In the records below, find the line with "a net crinoline" and the line with "Artistically drawn infinity". Print both exactly, along with every line between them, and no other line.

**** GIVEN ENTRIES ****

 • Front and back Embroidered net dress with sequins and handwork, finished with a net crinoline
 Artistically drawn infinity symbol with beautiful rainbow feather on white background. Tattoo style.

****
**** GIVEN ENTRIES ****

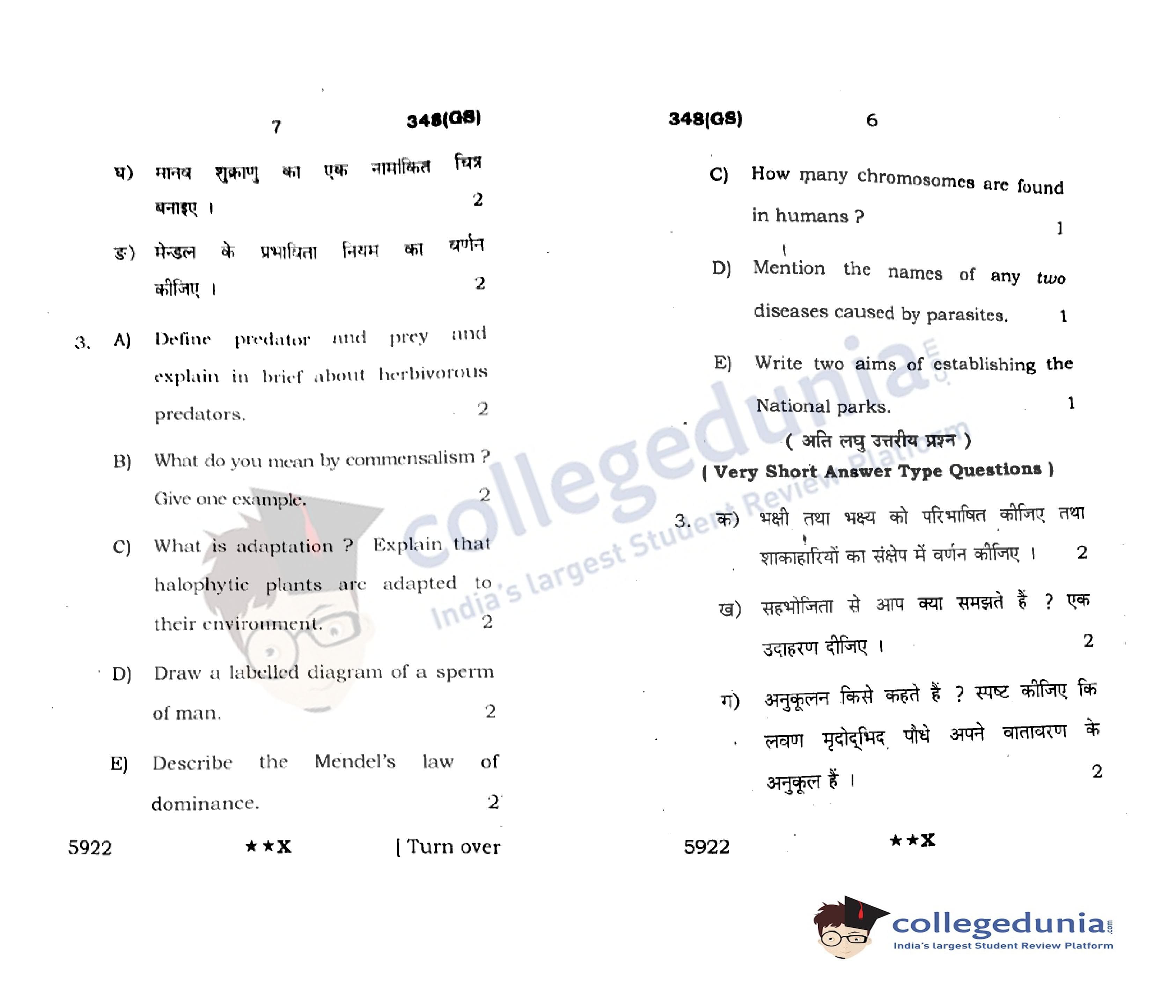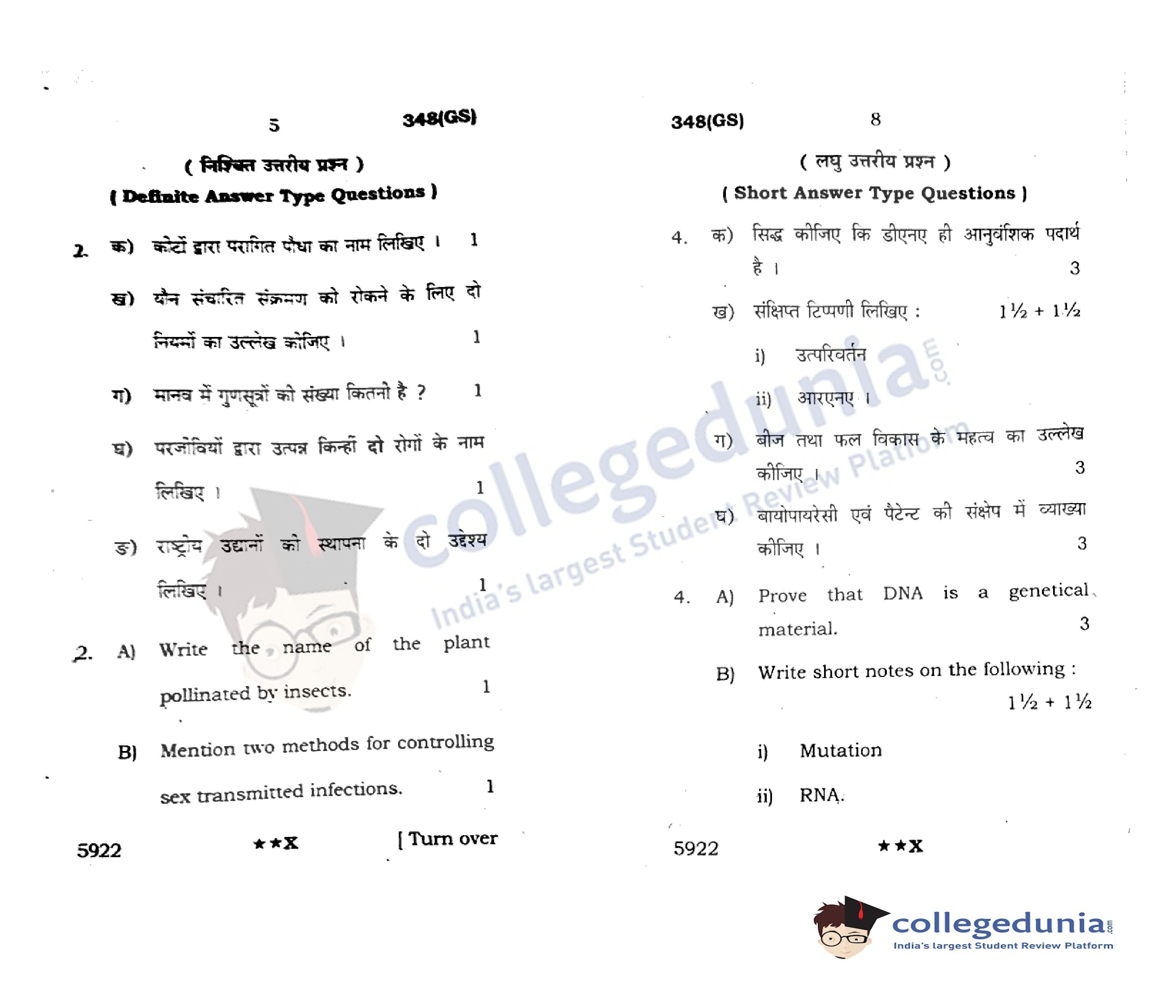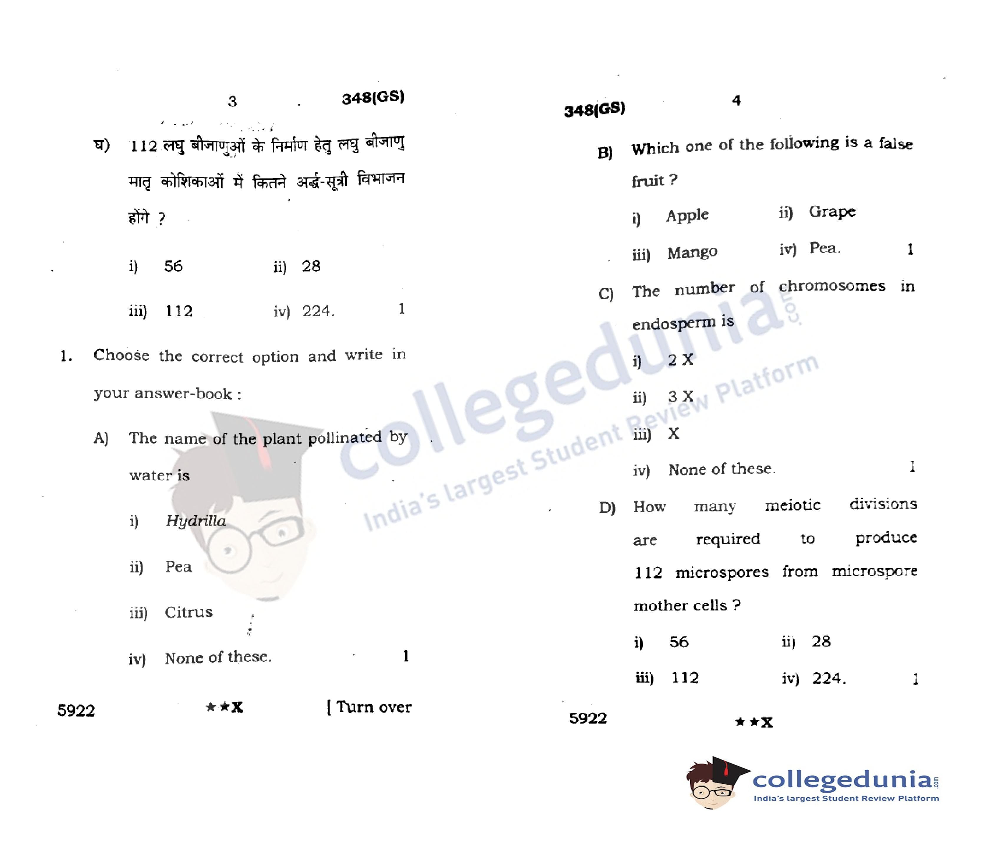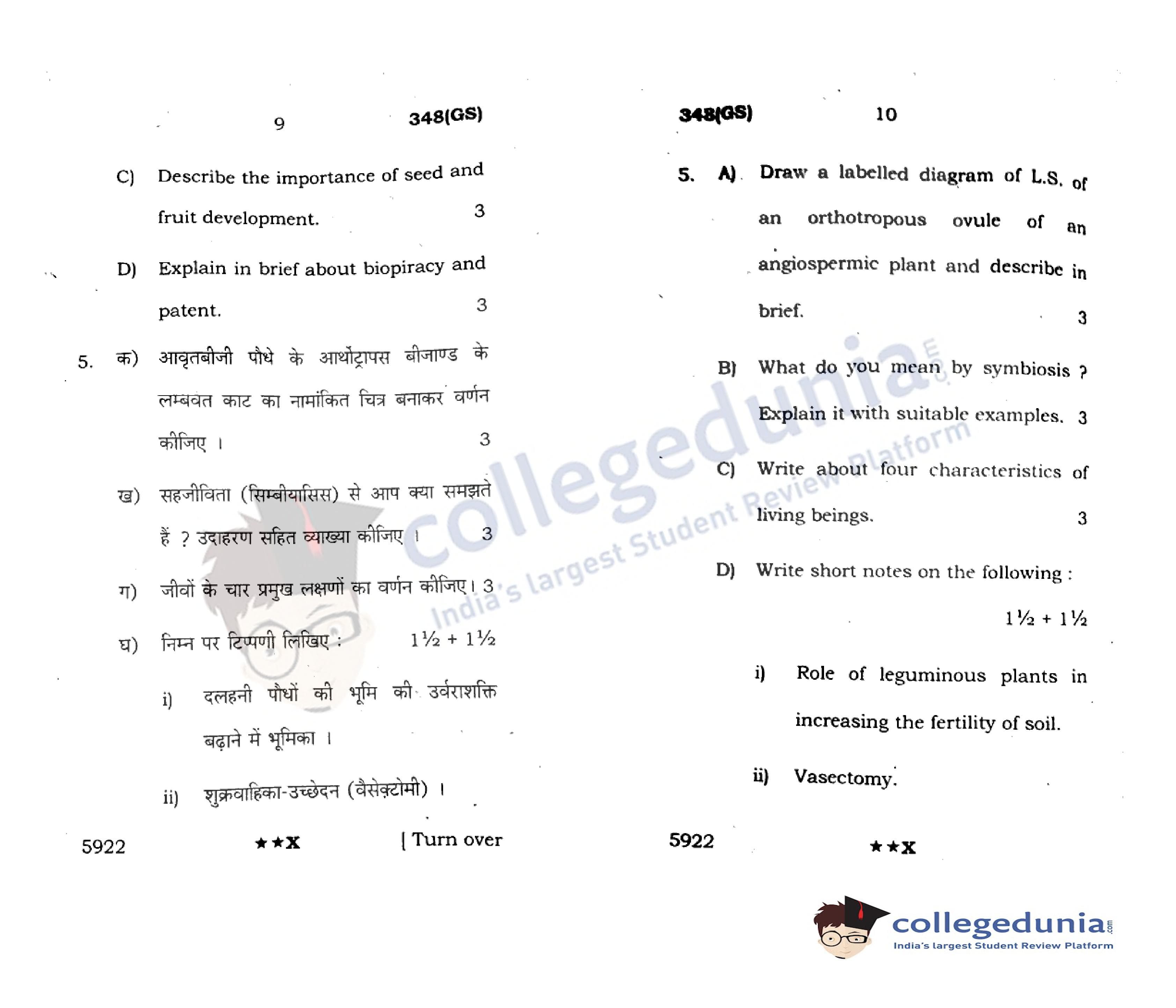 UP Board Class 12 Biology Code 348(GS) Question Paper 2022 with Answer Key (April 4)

****

ANSWER TO THE EXERCISE:
 • Front and back Embroidered net dress with sequins and handwork, finished with a net crinoline
 Artistically drawn infinity symbol with beautiful rainbow feather on white background. Tattoo style.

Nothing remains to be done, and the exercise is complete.